Instructions for the task: Every record that follows is to be copied exactly, with the pictures omitted.
#### Material supplied ####
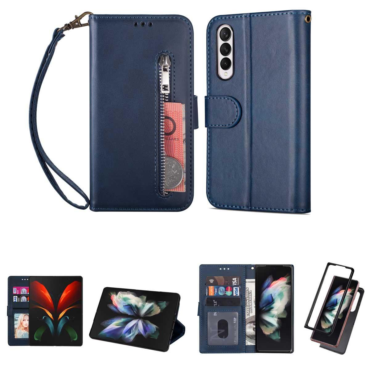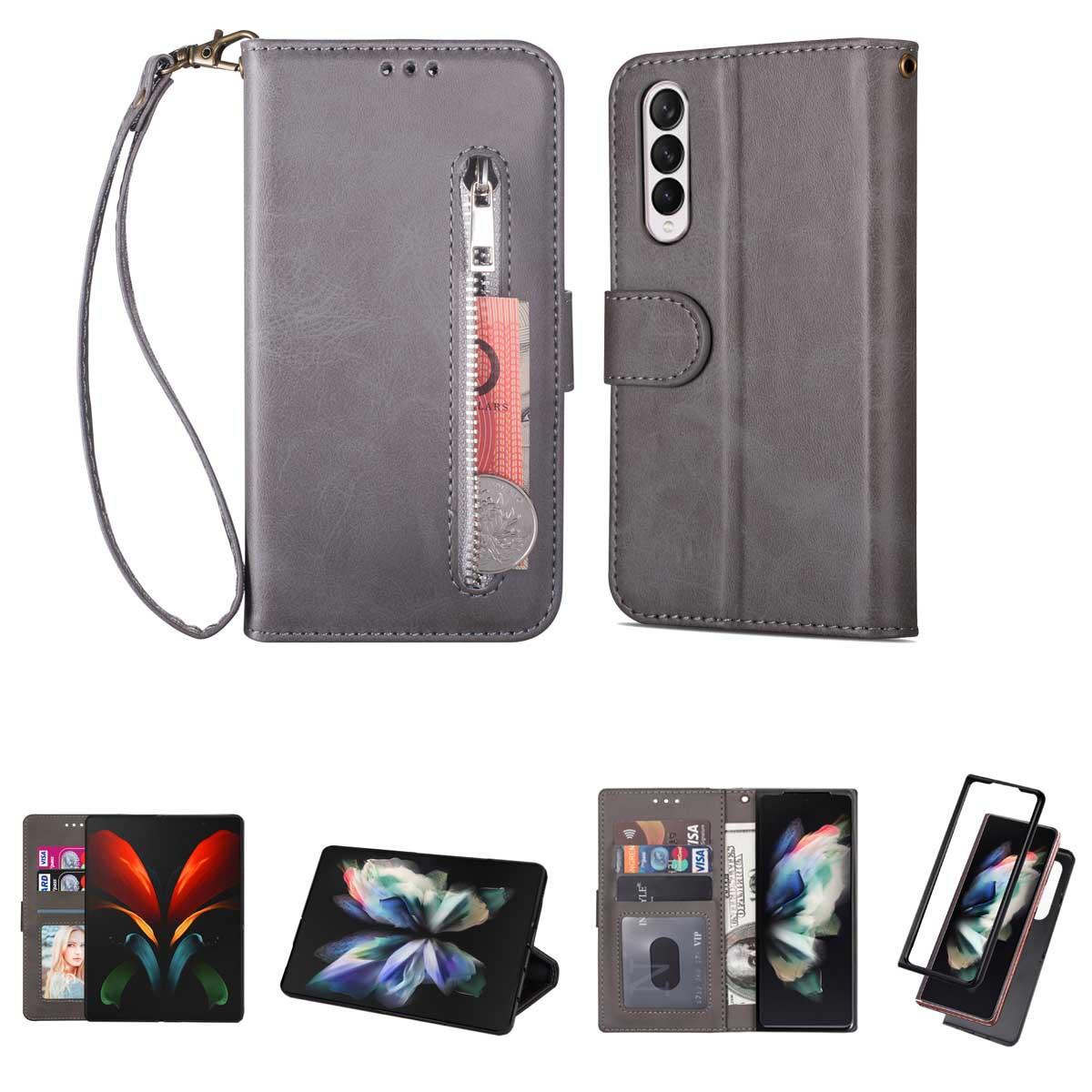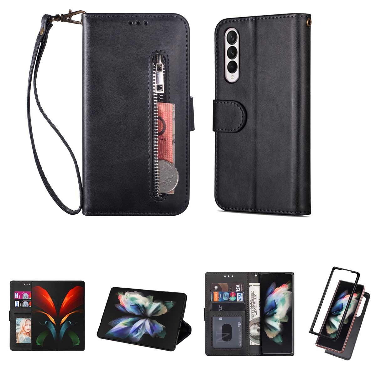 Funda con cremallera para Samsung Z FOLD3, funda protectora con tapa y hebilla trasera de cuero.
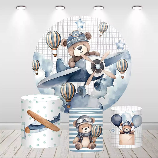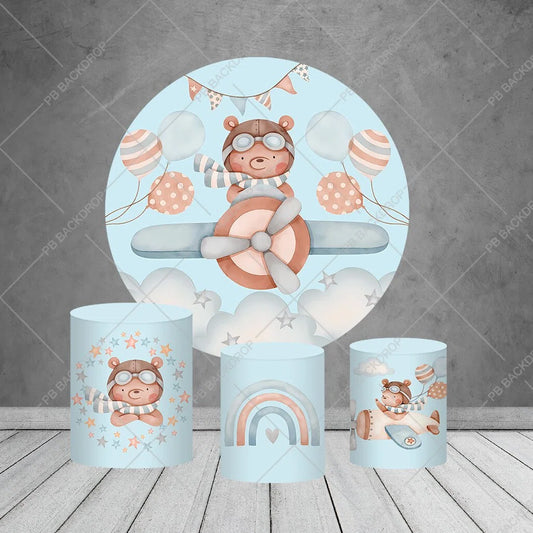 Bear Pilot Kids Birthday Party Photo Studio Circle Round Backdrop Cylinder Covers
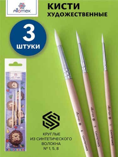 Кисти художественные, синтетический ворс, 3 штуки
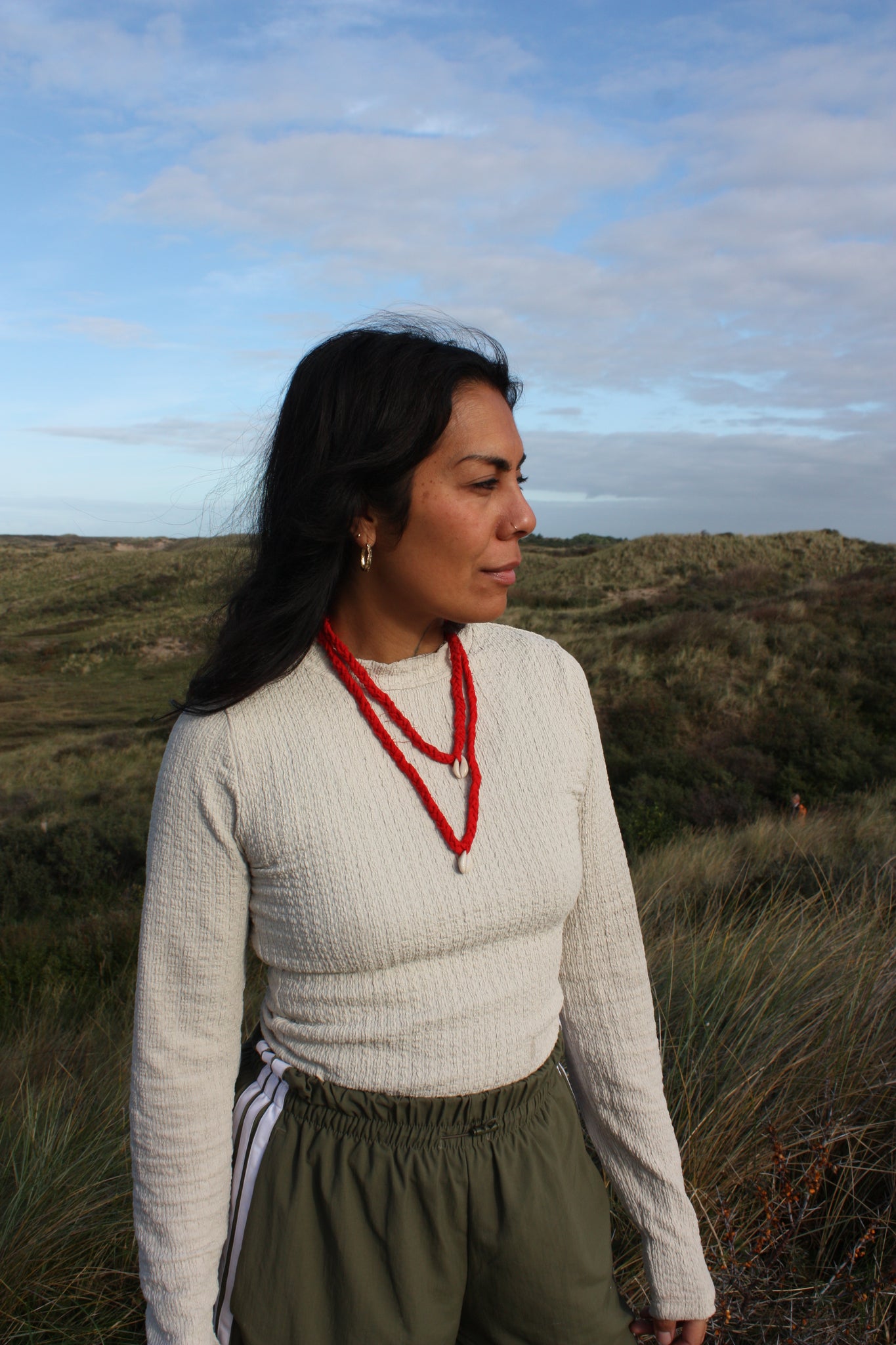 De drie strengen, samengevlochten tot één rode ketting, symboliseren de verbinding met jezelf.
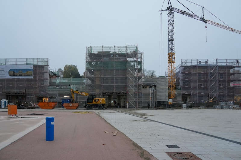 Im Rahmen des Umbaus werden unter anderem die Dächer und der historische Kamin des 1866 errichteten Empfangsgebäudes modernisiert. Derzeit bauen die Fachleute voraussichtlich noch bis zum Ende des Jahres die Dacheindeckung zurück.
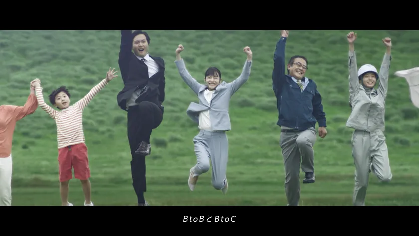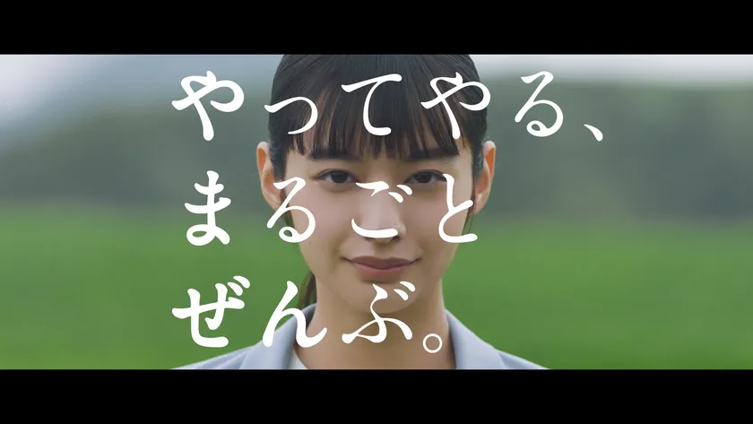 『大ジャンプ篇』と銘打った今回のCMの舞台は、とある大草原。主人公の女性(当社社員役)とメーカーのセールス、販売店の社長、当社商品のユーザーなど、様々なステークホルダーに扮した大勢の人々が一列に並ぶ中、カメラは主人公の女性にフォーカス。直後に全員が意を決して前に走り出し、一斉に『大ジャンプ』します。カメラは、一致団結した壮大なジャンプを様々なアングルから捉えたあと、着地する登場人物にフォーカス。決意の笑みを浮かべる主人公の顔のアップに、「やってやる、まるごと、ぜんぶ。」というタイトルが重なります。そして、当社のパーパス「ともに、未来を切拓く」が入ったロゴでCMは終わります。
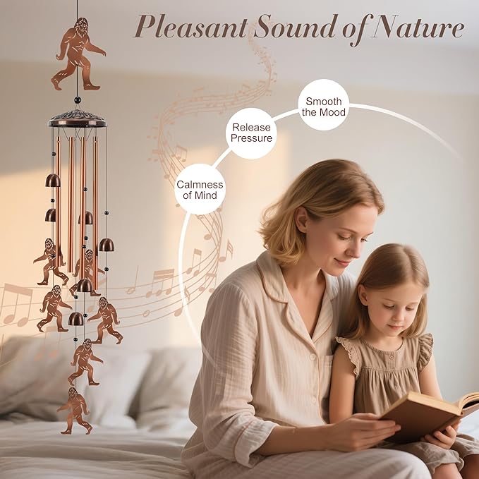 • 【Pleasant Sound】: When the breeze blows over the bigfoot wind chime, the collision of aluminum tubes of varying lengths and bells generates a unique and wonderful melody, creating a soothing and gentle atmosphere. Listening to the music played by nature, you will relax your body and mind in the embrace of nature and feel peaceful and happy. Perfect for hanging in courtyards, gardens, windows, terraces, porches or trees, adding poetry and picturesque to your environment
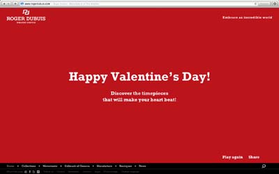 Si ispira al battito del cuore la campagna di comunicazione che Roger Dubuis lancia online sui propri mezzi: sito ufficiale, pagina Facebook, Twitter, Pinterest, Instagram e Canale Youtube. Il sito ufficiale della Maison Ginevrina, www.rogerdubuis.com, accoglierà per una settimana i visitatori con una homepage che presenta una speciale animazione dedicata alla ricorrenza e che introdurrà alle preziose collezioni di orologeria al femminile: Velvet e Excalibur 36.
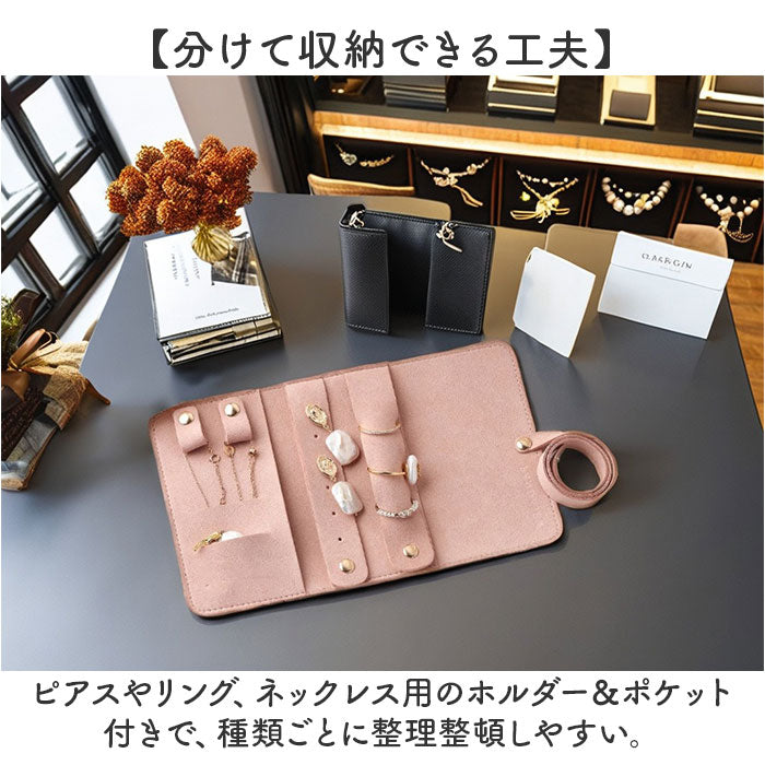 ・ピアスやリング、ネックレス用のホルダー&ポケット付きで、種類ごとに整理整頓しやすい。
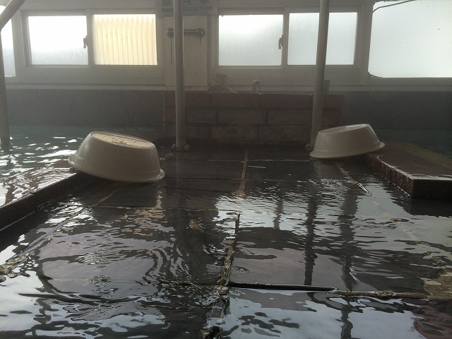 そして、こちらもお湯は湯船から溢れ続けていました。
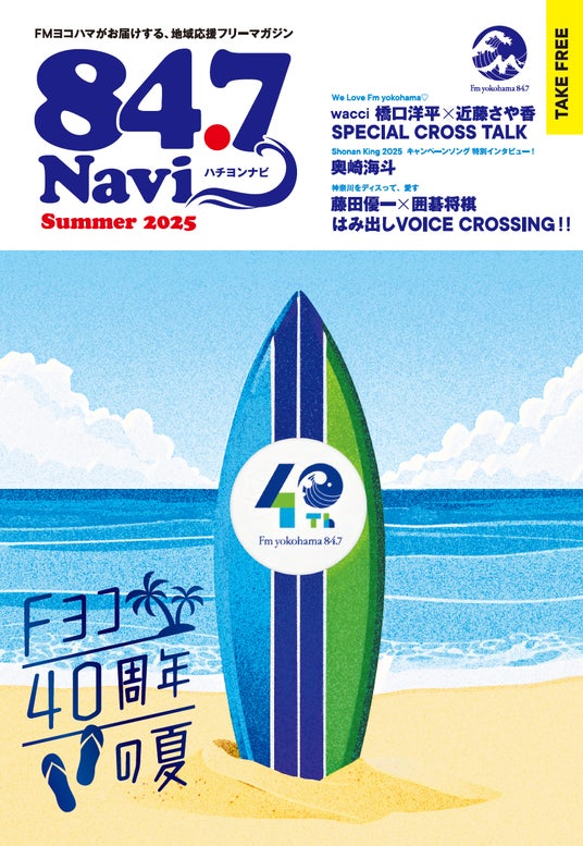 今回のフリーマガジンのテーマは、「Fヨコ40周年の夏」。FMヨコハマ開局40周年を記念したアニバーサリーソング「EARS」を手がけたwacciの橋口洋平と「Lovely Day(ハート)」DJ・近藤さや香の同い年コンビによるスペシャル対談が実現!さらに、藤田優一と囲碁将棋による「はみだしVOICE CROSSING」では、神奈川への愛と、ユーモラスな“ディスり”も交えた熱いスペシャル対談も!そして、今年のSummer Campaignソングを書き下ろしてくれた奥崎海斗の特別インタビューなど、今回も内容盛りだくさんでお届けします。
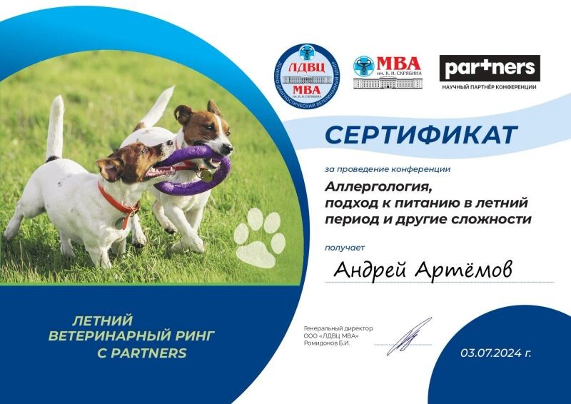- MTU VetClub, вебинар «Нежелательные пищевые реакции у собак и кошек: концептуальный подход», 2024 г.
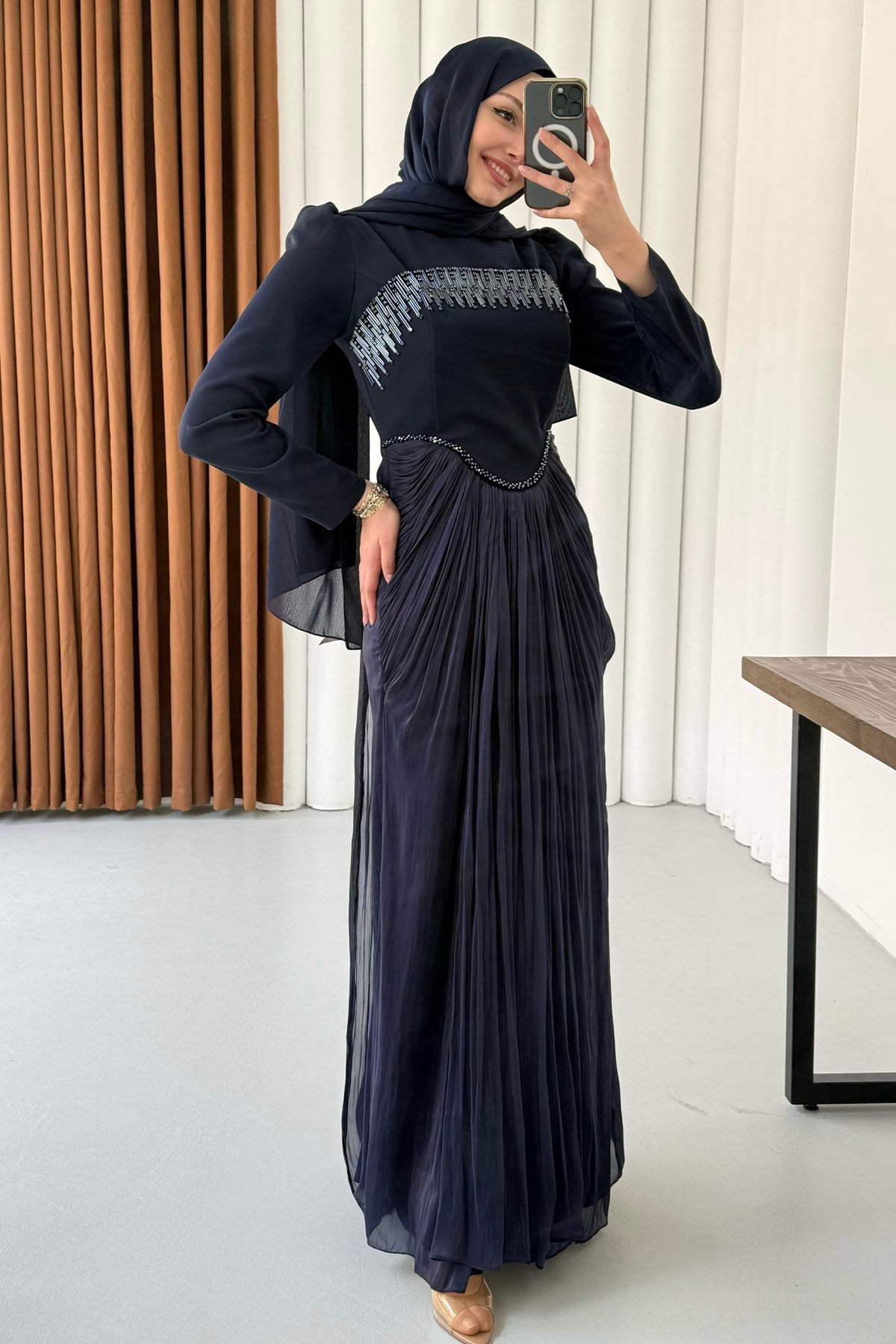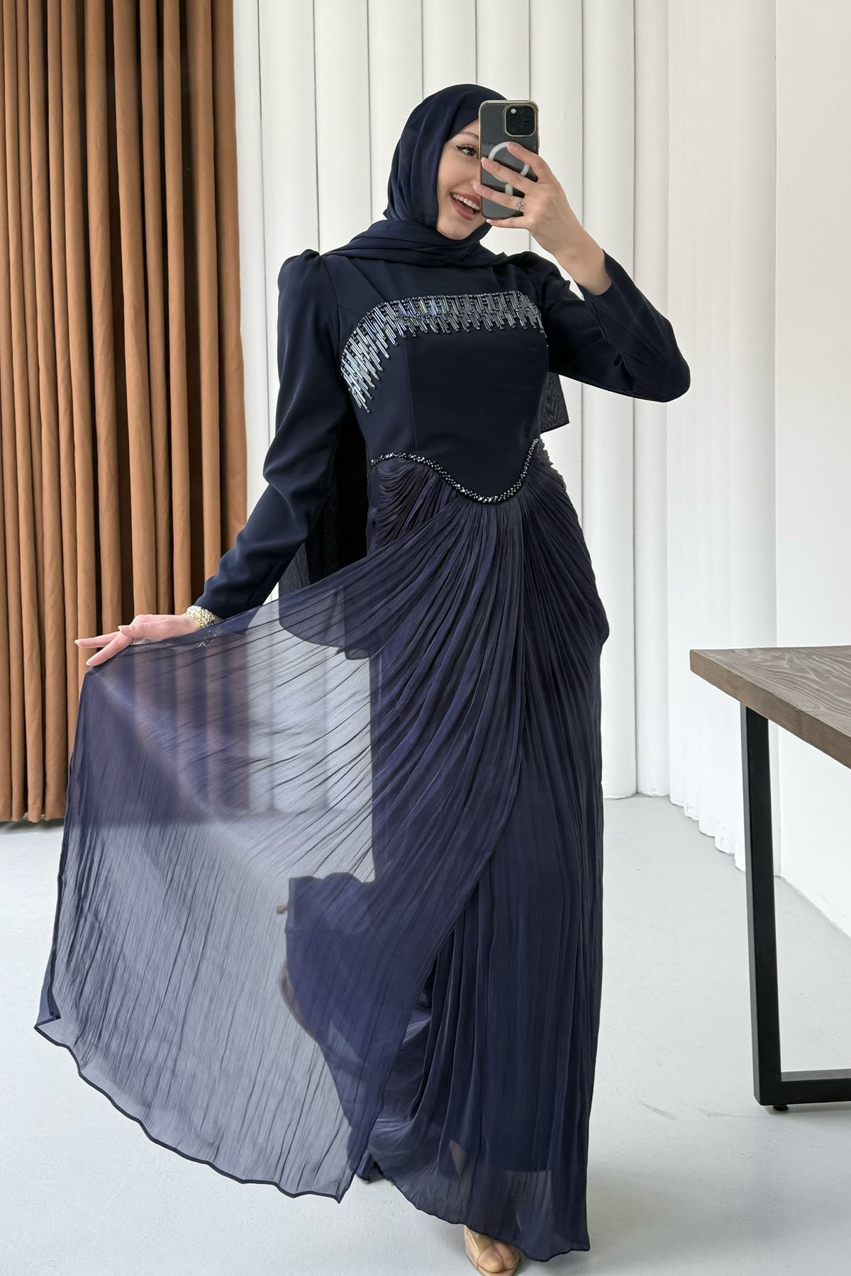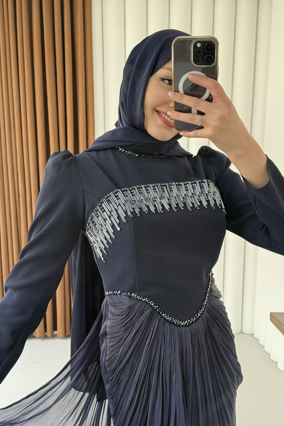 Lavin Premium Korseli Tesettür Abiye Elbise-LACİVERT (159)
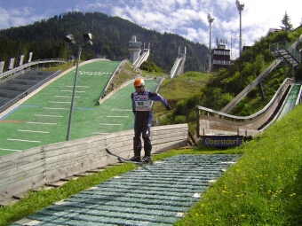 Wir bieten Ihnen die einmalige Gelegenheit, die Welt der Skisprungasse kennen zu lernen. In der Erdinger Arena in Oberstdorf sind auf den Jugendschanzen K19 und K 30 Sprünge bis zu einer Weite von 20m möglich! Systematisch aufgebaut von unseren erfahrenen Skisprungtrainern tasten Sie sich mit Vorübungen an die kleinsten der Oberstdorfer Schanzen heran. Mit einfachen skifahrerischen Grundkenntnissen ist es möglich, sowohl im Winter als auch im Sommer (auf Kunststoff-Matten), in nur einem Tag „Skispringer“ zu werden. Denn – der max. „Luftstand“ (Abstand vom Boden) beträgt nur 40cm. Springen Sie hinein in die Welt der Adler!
####
Result:
 Funda con cremallera para Samsung Z FOLD3, funda protectora con tapa y hebilla trasera de cuero.
 Bear Pilot Kids Birthday Party Photo Studio Circle Round Backdrop Cylinder Covers
 Кисти художественные, синтетический ворс, 3 штуки
 De drie strengen, samengevlochten tot één rode ketting, symboliseren de verbinding met jezelf.
 Im Rahmen des Umbaus werden unter anderem die Dächer und der historische Kamin des 1866 errichteten Empfangsgebäudes modernisiert. Derzeit bauen die Fachleute voraussichtlich noch bis zum Ende des Jahres die Dacheindeckung zurück.
 『大ジャンプ篇』と銘打った今回のCMの舞台は、とある大草原。主人公の女性(当社社員役)とメーカーのセールス、販売店の社長、当社商品のユーザーなど、様々なステークホルダーに扮した大勢の人々が一列に並ぶ中、カメラは主人公の女性にフォーカス。直後に全員が意を決して前に走り出し、一斉に『大ジャンプ』します。カメラは、一致団結した壮大なジャンプを様々なアングルから捉えたあと、着地する登場人物にフォーカス。決意の笑みを浮かべる主人公の顔のアップに、「やってやる、まるごと、ぜんぶ。」というタイトルが重なります。そして、当社のパーパス「ともに、未来を切拓く」が入ったロゴでCMは終わります。
 • 【Pleasant Sound】: When the breeze blows over the bigfoot wind chime, the collision of aluminum tubes of varying lengths and bells generates a unique and wonderful melody, creating a soothing and gentle atmosphere. Listening to the music played by nature, you will relax your body and mind in the embrace of nature and feel peaceful and happy. Perfect for hanging in courtyards, gardens, windows, terraces, porches or trees, adding poetry and picturesque to your environment
 Si ispira al battito del cuore la campagna di comunicazione che Roger Dubuis lancia online sui propri mezzi: sito ufficiale, pagina Facebook, Twitter, Pinterest, Instagram e Canale Youtube. Il sito ufficiale della Maison Ginevrina, www.rogerdubuis.com, accoglierà per una settimana i visitatori con una homepage che presenta una speciale animazione dedicata alla ricorrenza e che introdurrà alle preziose collezioni di orologeria al femminile: Velvet e Excalibur 36.
 ・ピアスやリング、ネックレス用のホルダー&ポケット付きで、種類ごとに整理整頓しやすい。
 そして、こちらもお湯は湯船から溢れ続けていました。
 今回のフリーマガジンのテーマは、「Fヨコ40周年の夏」。FMヨコハマ開局40周年を記念したアニバーサリーソング「EARS」を手がけたwacciの橋口洋平と「Lovely Day(ハート)」DJ・近藤さや香の同い年コンビによるスペシャル対談が実現!さらに、藤田優一と囲碁将棋による「はみだしVOICE CROSSING」では、神奈川への愛と、ユーモラスな“ディスり”も交えた熱いスペシャル対談も!そして、今年のSummer Campaignソングを書き下ろしてくれた奥崎海斗の特別インタビューなど、今回も内容盛りだくさんでお届けします。
- MTU VetClub, вебинар «Нежелательные пищевые реакции у собак и кошек: концептуальный подход», 2024 г.
 Lavin Premium Korseli Tesettür Abiye Elbise-LACİVERT (159)
 Wir bieten Ihnen die einmalige Gelegenheit, die Welt der Skisprungasse kennen zu lernen. In der Erdinger Arena in Oberstdorf sind auf den Jugendschanzen K19 und K 30 Sprünge bis zu einer Weite von 20m möglich! Systematisch aufgebaut von unseren erfahrenen Skisprungtrainern tasten Sie sich mit Vorübungen an die kleinsten der Oberstdorfer Schanzen heran. Mit einfachen skifahrerischen Grundkenntnissen ist es möglich, sowohl im Winter als auch im Sommer (auf Kunststoff-Matten), in nur einem Tag „Skispringer“ zu werden. Denn – der max. „Luftstand“ (Abstand vom Boden) beträgt nur 40cm. Springen Sie hinein in die Welt der Adler!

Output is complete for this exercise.